John Singer Sargent and His Muse


Book Description

This sensitive and compelling biography sheds new light on John Singer Sargent’s art through an intimate history of his family. Karen Corsano and Daniel Williman focus especially on his niece and muse, Rose-Marie Ormond, telling her story for the first time. In a score of paintings created between 1906 and 1912, John Singer Sargent documented the idyllic teenage summers of Rose-Marie and his own deepening affection for her serene beauty and good-hearted, candid charm. Rose-Marie married Robert, the only son of André Michel, the foremost art historian of his day, who had known Sargent and reviewed his paintings in the Paris Salons of the 1880s.
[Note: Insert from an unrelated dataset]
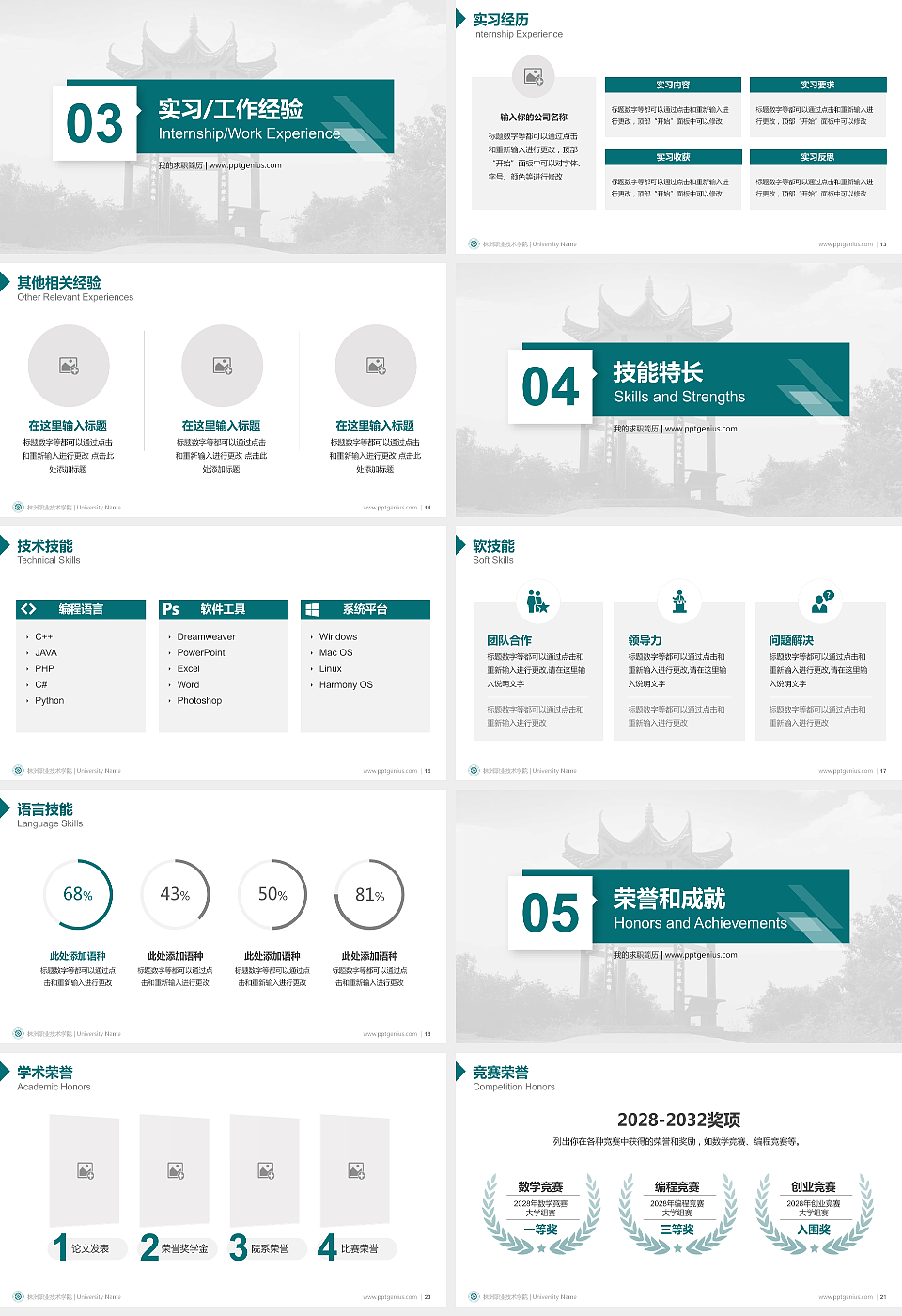 株洲职业技术学院教师/学生通用个人简历PPT模板下载是一套标准化的PPT模板,支持一键换色,只需按照以下步骤操作。

Robert was a promising historian as well, until the Great War claimed him first as an infantry sergeant, then a victim, in 1914. His widow Rose-Marie served as a nurse in a rehabilitation hospital for blinded French soldiers until she too was killed, crushed under a bombed church vault, in 1918. Sargent expressed his grief, as he expressed all his emotions, on canvas: He painted ruined French churches and, in Gassed, blinded soldiers; he made his last murals for the Boston Public Library a cryptic memorial to Rose-Marie and her beloved Robert. Braiding together the lives and families of Rose-Marie, Robert, and John Sargent, the book spans their many worlds—Paris, the Alps, London, the Soissons front, and Boston. Drawing on a rich trove of letters, diaries, and journals, this beautifully illustrated history brings Sargent and his times to vivid life.